Flanigan's dedication to spending time writing is another aspect of the guitarist that impresses Wakeman. "I think that deserves a lot of respect. There are a million songs out there that are yet to be written because people aren't putting the time aside. Any artist has to give time to their art and a lot of people forget that it makes you better the more you work at it. I think that shows in his songwriting."

And add one more word to Wakeman's list of adjectives which describe Flanigan: honesty.

"Danny is without a doubt making music because it's what he loves to do. That also shows in his art. He's not out there trying to write the hit single. He would love to write the hit single, but he's not going to write one just because, if it doesn't move him.

"It's easy for him to be sincere in all his songs because I think they are all close to his heart in some form or another. Danny Flanigan will always be an artist because that's just what he is. He's not someone pretending to be one - he is one."

The price of art

Flanigan's devotion to his art knows no bounds - not even financial ones.

Nevertheless, finances can cramp the style of any artist. Bills must be paid, and the price of raising a family is staggering. Flanigan earns his living by teaching guitar at Music Warehouse on Hourstbourne Lane. Each week, he passes on his expertise to 55 students.

A dream gig? Not quite. But it pays the bills, and Flanigan seems happy to be doing it.

"I make a living off the guitar - I have the greatest life in the world," he said. But Flanigan likes to record music so people interested in his music will "have something to take home."

And putting out a compact disc costs money. He said he usually releases 1,000 at a time. Overall, about 4,000 Rain Chorus CDs and almost 1,000 Greathouse discs have sold.

"I borrow money from the bank, release the CD, sell them, pay off the loan and start all over again. I'm close to paying off Rain Chorus, so I'm getting ready to do it again."

His hope, however, is always that someone else will be paying for the next album. He doesn't resist commercial success, as long as his pursuit of the art of music remains unwavering.

"I shop my tunes to the major labels, you can believe that," he said.

And he said the first thing he will do when the next album is complete is shop it to smaller labels before he invests in it. It's not that he doesn't want to invest in it - hardly. Rather, he believes the album is good enough that someone else may want to invest in it.

"These aren't the best 15 songs I've ever written, but they're damn close," he said. "I just feel like they're worth shopping."

Flanigan hasn't had success selling previous albums to labels; even the popular Hopscotch Army never got signed. But, he said, he always hears positive comments in the rejections. That is enough to make him hopeful.

"The only thing I can gather from that is they're bullshitting me - and I don't think they're in business for that - or they don't hear any money in it. That's not my goal anyway; my goal is to express myself, not make a million dollars."

Then he quickly adds, "But you never know if the next 15 songs are going to be the 15 they need."
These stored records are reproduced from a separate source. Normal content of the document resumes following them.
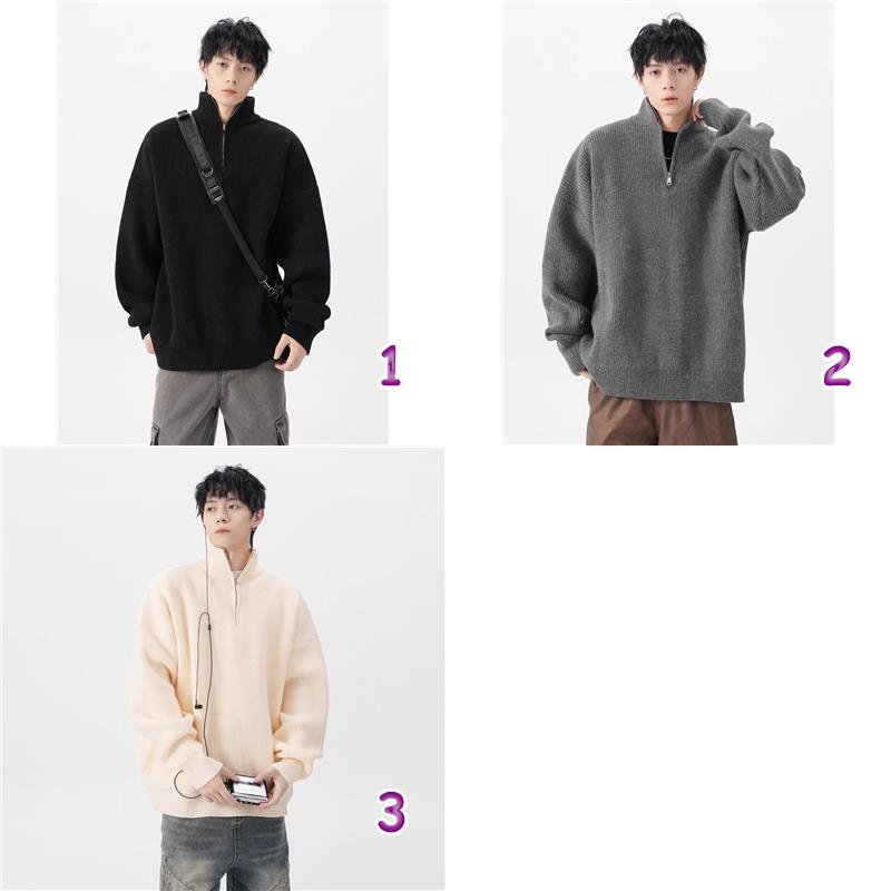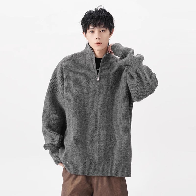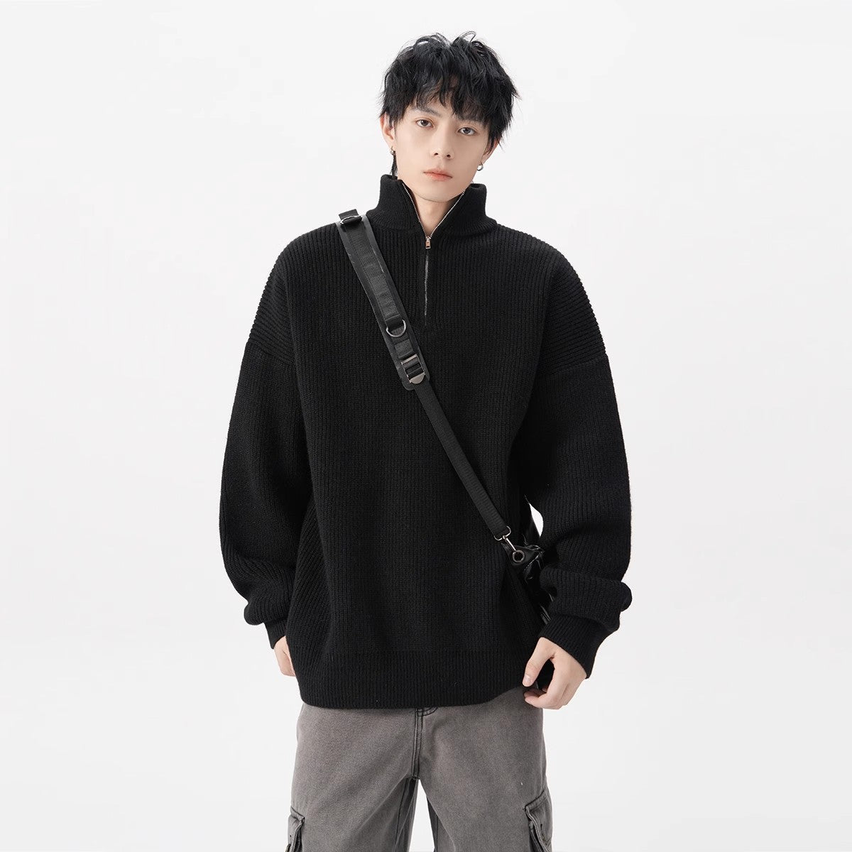 トレンド感のあるハーフジップ仕様のオーバーサイズニットセーター。シンプルながらも、ルーズなシルエットとハーフジップがアクセントになり、カジュアルからモードスタイルまで幅広く対応可能。
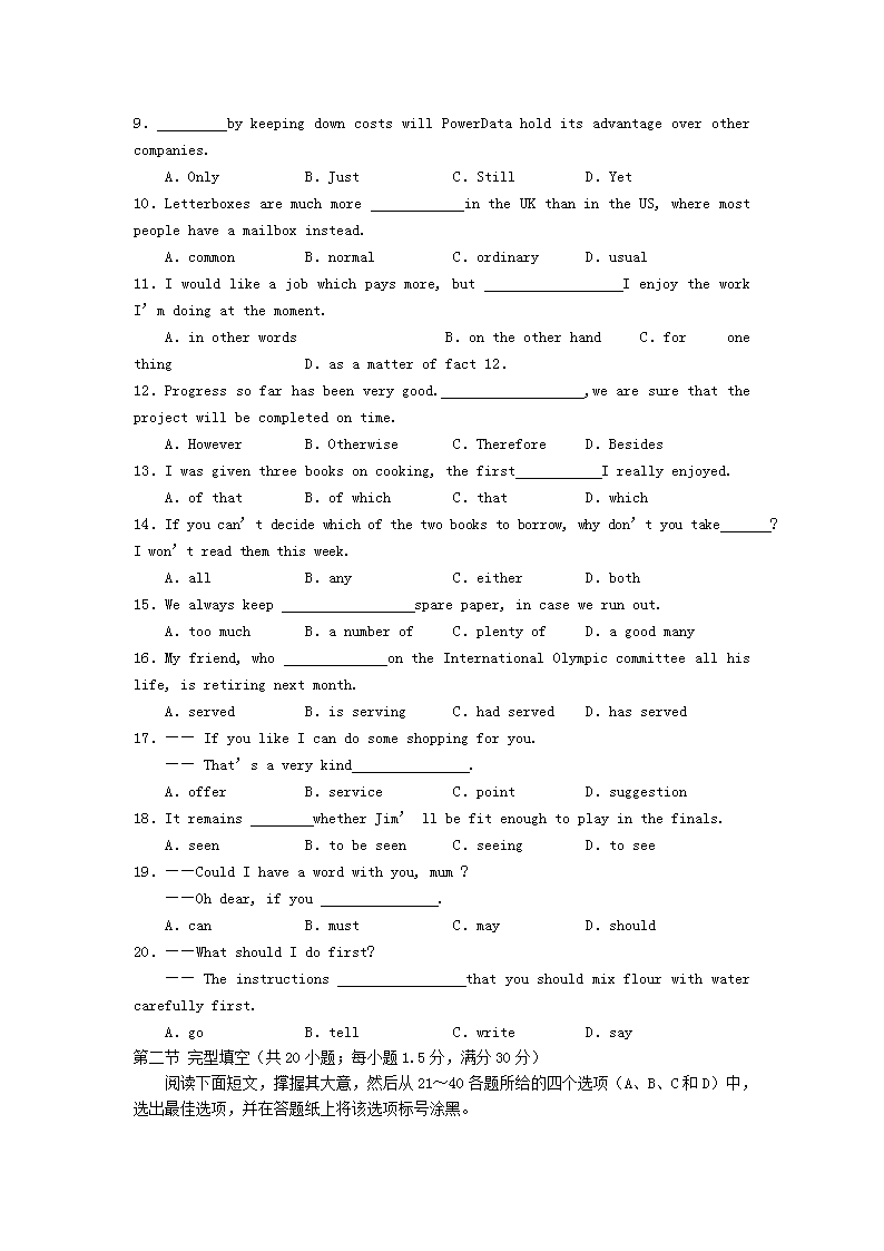 【文档预览】 无忧考网整理发布2006年浙江高考英语真题及答案(Word版),前五页预览如下:
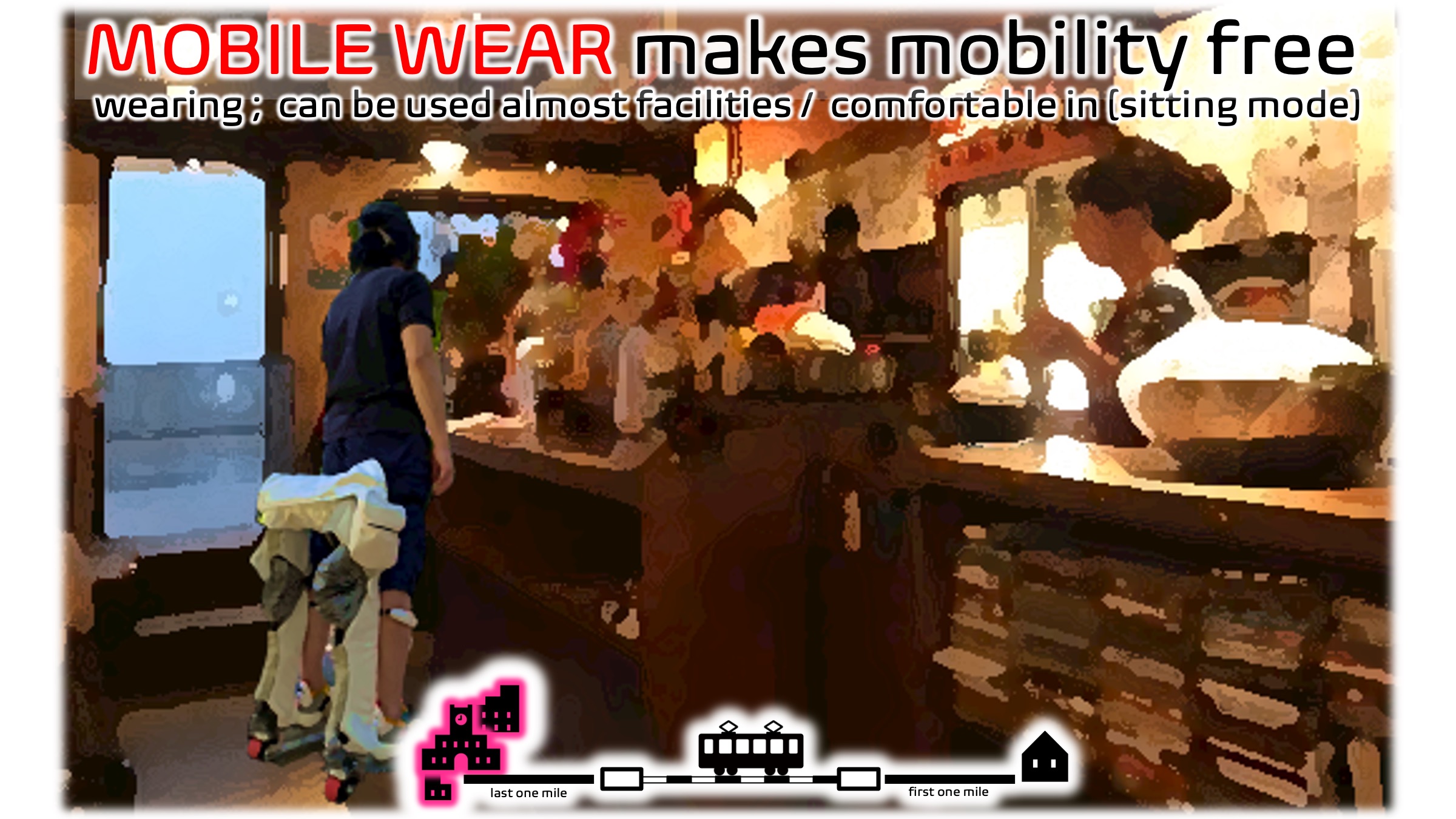 コンパクトなので家の中の保管場所にも困らず、衣服のように身につけたまま公共交通機関や施設を利用できるため、駐車場の確保や煩わしい手荷物としての持ち込みを心配することなく、ファースト/ラストワンマイルをつなぐ交通機関として用いることでシームレスで快適な移動が可能になります。
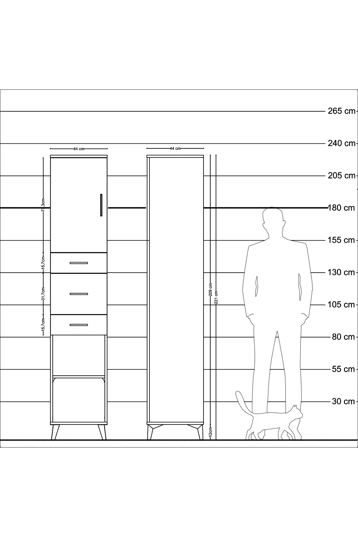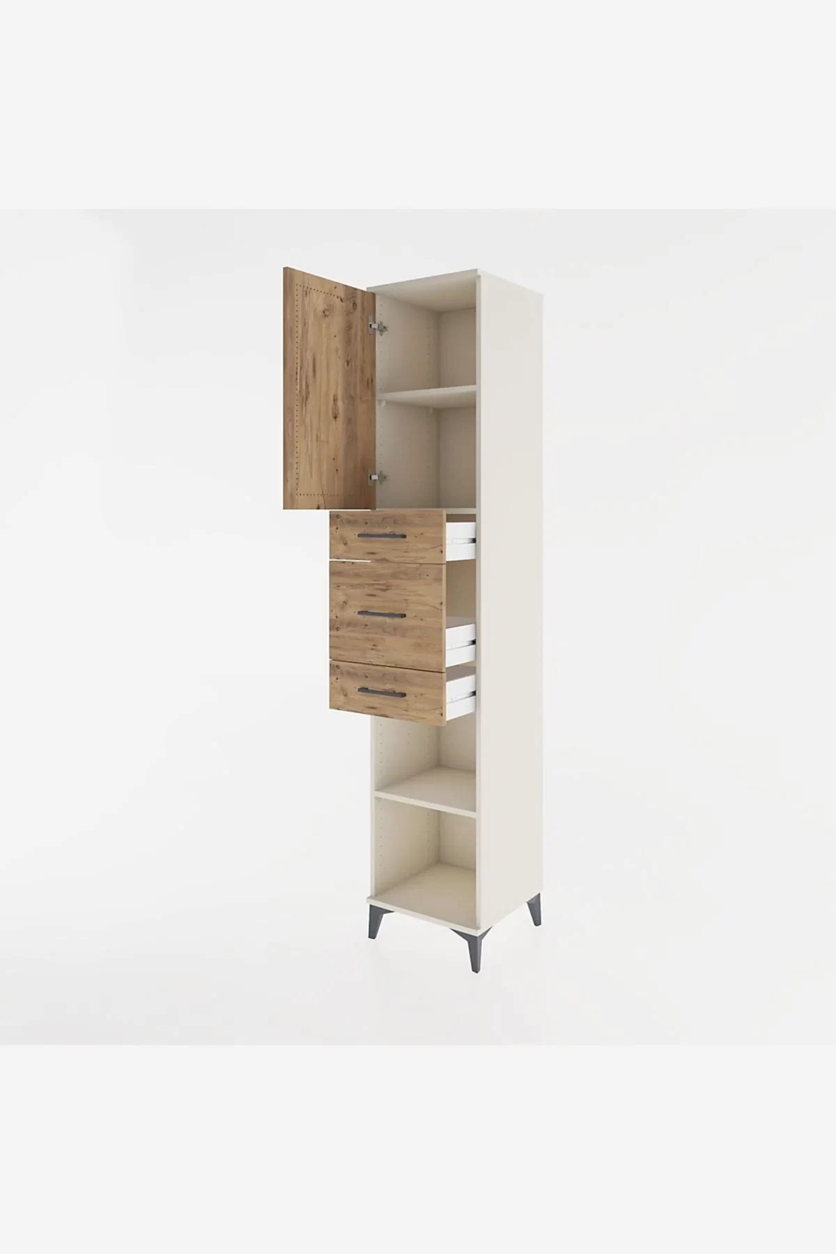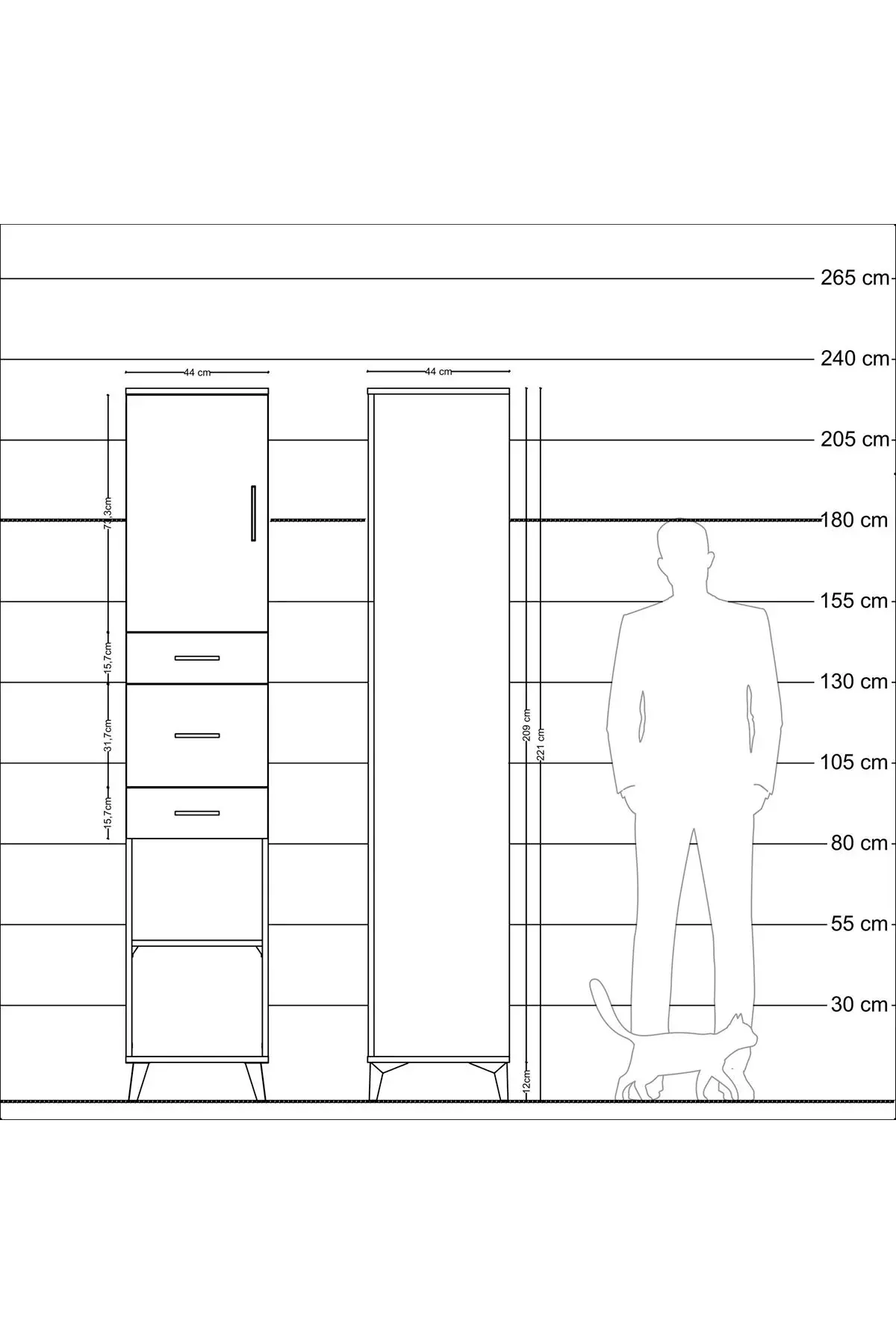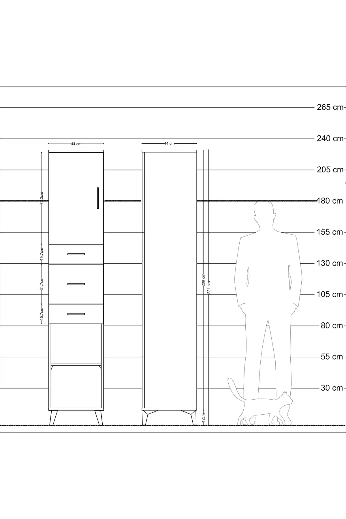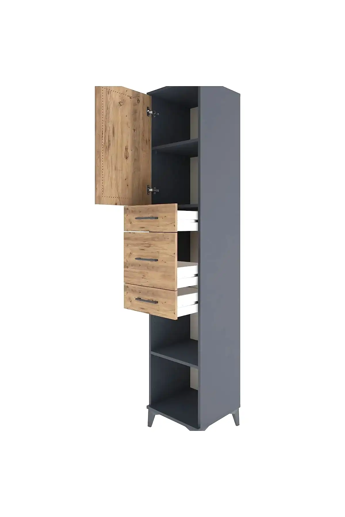 📌 Hyperion Dolap 3 Raflı 3 Çekmeceli Tek Kapaklı 44x44x221
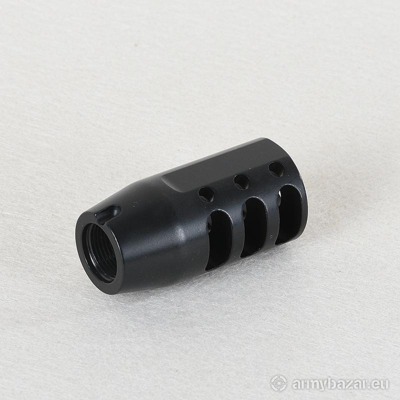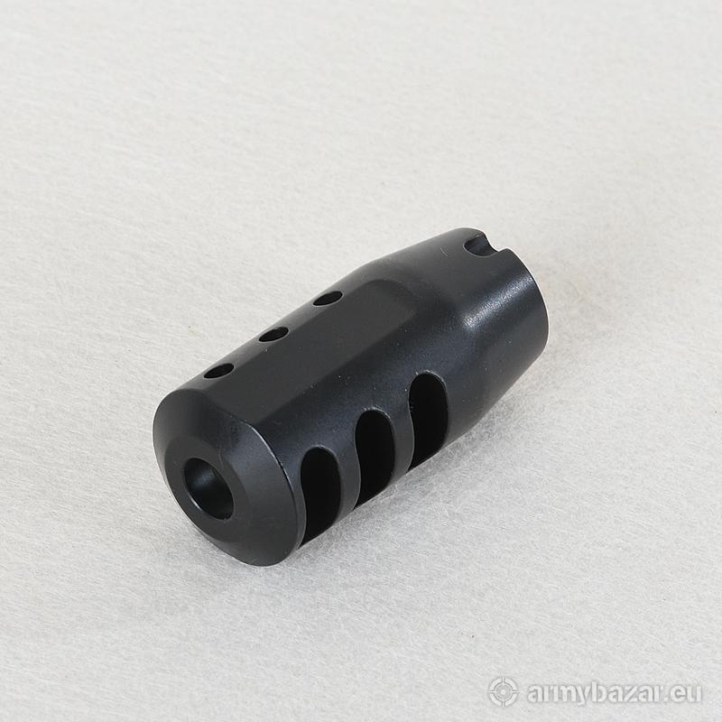 Opis: KOMPENSATOR K126 do kbk AK / AKMS / M70 / SAJGA i innych: trzy komory skutecznie redukujące odrzut broni, trzy otwory stabilizujące lufę i zmniejszające efekt podrzutu broni, wcięcie pod kołek stabilizujący, azotowana na czarno powłoka, wytrzymalsza i odporniejsza na wypalenie od oksydy, wykonany z WYSOKIEJ jakości stali na maszynach CNC, wysoka skuteczność działania. DANE TECHNICZNE: Materiał: stal 4140 Powłoka: azotowana QPQ Waga: 104 g Wymiary: 54 mm / 25 mm Gwint: 14x1 LEWY Kaliber: 7.62x39 W ZESTAWIE nakrętka i podkładka.
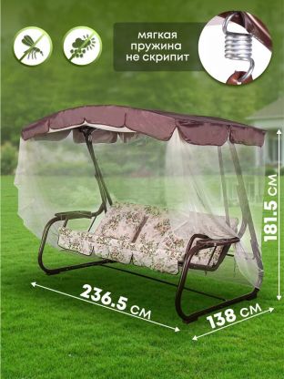 Качели садовые 3-местные, 236.5х138х181.5 см, 280 кг, Куба, раскладываются в кровать, с москитной сеткой, с 1281, сталь
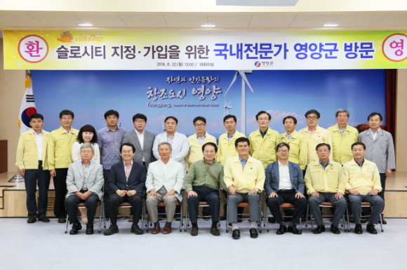 2016년 8월 22(월)부터 23(화)일까지 2일간 국제슬로시티 한국본부 손대현 이사장 외 10명으로 구성된 슬로시티 국내전문가 실사단이 영양군(군수 권영택)을 방문해 6개 지역을 중심으로 슬로시티 지역으로서의 타당성 분석 및 컨설팅을 위한 실사와 평가를 실시했다.
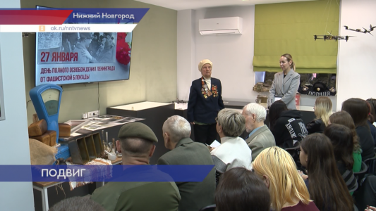 «Мероприятие, посвящённое памяти блокадников, — "Блокадный хлеб" проходит в патриотическом пространстве "Защитники Отечества". Студенты общаются с пережившими те тяжёлые годы — Зоей Ивановной Беловой и Владимиром Михайловичем Абрамовым.

Every artist wants his or her work to be enjoyed by as many people as possible, and a deal - even with a small label - would put Danny Flanigan's name in CD collections and in concert halls across the country instead of just in the Louisville area.

And if a deal isn't forthcoming, Flanigan will be content to release the disc on his own, play gigs with his newly-merged band and focus on writing more songs.

After all, creation is what it's about, whether the CD sells or not. The creative process never ends, ever.

"I don't care what's going on, I'm writing songs," Flanigan said. "I don't care if there's a meteor shower, if there's a president or no president, or if I'm rolling a ball back and forth with my little boy, I'm thinking about the next tune."